Source: Adventist News Network
Hundreds of religious liberty proponents from Israel and the Palestinian Territories gathered in Jerusalem Sunday for the symbolic city’s first festival of religious freedom.
The event generated a “climate of good understanding” among attendees that organizers hope will spur increased tolerance in the region, said John Graz, secretary-general for the International Religious Liberty Association (IRLA), which sponsors festivals worldwide to encourage freedoms of religion.
Hosting the event in a city holy to three major world faiths — Judaism, Islam and Christianity — was particularly significant, said Graz, who also directs the Seventh-day Adventist Church’s department of Public Affairs and Religious Liberty (PARL).
While Christians enjoy broad freedoms and are allowed to conduct outreach on a limited basis in largely Orthodox Jewish Israel, treatment of Muslims is a subject of international controversy, according to the Religious Freedom World Report, a PARL publication.
Conservative Jews, who embrace a non-fundamentalist interpretation of the Jewish faith, also face hurdles to religious freedom, said Rabbi Yaacov Lebeau, who spoke at the event.

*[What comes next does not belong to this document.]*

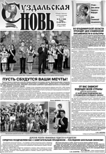 Газета основана 21 марта 1918 г. № 39 (11684) среда, 25 мая 2016 г. Общественно политическая газета ВО ВЛАДИМИРСКОЙ ОБЛАСТИ ПРОХОДЯТ ДНИ СЛАВЯНСКОЙ ПИСЬМЕННОСТИ И КУЛЬТУРЫ 23 мая в пресс-центре администрации Владимирской области состоялась пресс-конференция, посвященная проведению во Владимирской области Дня славянской письменности и культуры. Её провели директор Гуманитарного института ВлГУ имени А.Г. и Н.Г.Столетовых Елена Петровичева, иеромонах Варфоломей (о. Сергей Минин), представитель кафедры гуманитарного образования Владимирского института развития образования (ВИРО) имении Л.И. Новиковой Светлана Блинова. Они рассказали о мероприятиях, которые проходят в области в память Святых равноапостольных Кирилла и Мефодия - первоучителей словенских. Иеромонах Варфоломей напомнил, что праздник славянской письменности и культуры был возрожден еще в советские времена – в 1985 году. Ранее в качестве центра празднований выбирались разные города, но затем это право закрепилось за Москвой, в том числе и потому, что в этот день отмечает день своего тезоименитства патриарх Кирилл. В нашем регионе с 2009 года базовой площадкой празднований стал Владимирский государственный университет. В этом году в течение двух дней здесь выступал с циклом открытых лекций доктор философии, профессор Университета Эрланген-Нюрнберг (Германия) Карл Христиан Фельми. А 19 мая стартовала VIII Международная научная конференция по теме «Церковь, государство и общество в истории России и православных стран: религия, наука и образование». Её открыл митрополит Митрополит Владимирский и Суздальский Евлогий. 23-24 мая празднования продолжились в университетском храме Святых равноапостольных Кирилла и Мефодия. Подытоживая, иеромонах Варфоломей подчеркнул, что наследие Святых равноапостольных Кирилла и Мефодия, безусловно, отвечает на те внешние вызовы, которые претерпевает сегодня самоидентичноть славянского мира. Торжественно отзвенели в школах города и района последние звонки. Выпускники двух городских и пятнадцати сельских школ принимали напутствия и поздравления, дарили цветы и песни родным школам, любимым учителям. 478 ребят заканчивают девятый и одиннадцатый классы в нашем районе, 158 учеников - в школах города. 23 мая Глава Суздальского района А. Сараев тепло поздравил выпускников средних школ №1 и №2 города Суздаля, а руководители структурных подразделений администрации района побывали в сельских школах на последних звонках. Они пожелали ребятам веры в себя, доброго пути и успешного прохождения итоговой аттестации, которая для девятиклассников начнётся уже 26 мая. Этот праздник всегда очень радостный и немного печальный. Звонко и чуть грустно прозвенел последний звонок для выросших детей, уходящих в большую жизнь. Улетели в солнечное небо воздушные шары с заветными желаниями. Впереди - экзамены, колледжи и вузы, новые открытия и задачи со многими неизвестными, новые свершения. Впереди - большая взрослая жизнь. Теперь фото в альбомах и соц. сетях будут напоминанием о школьной поре, а полученные в школе знания, умения станут тем прочным основанием, на котором будет строиться ваш успех, дорогие выпускники! Елена ФОКИНА. Фото автора. ПУСТЬ СБУДУТСЯ ВАШИ МЕЧТЫ! Последний школьный звонок – это первая ступень в большую жизнь. Впереди – серьезные испытания, принятие о

Because of the dominance of Orthodox Judaism, weddings and other ceremonies conducted in Conservative synagogues are not fully recognized, he said.
“It could be very easy to be influenced by extremist groups and fall into exclusivism,” regional Adventist President Richard Elofer said. Given the “multi-cultural and multi-region” makeup of Israel, defending inclusive freedoms is a priority to ensure that doesn’t happen, he added.
Some 300 religious liberty advocates from Jewish and Christian communities attended the event.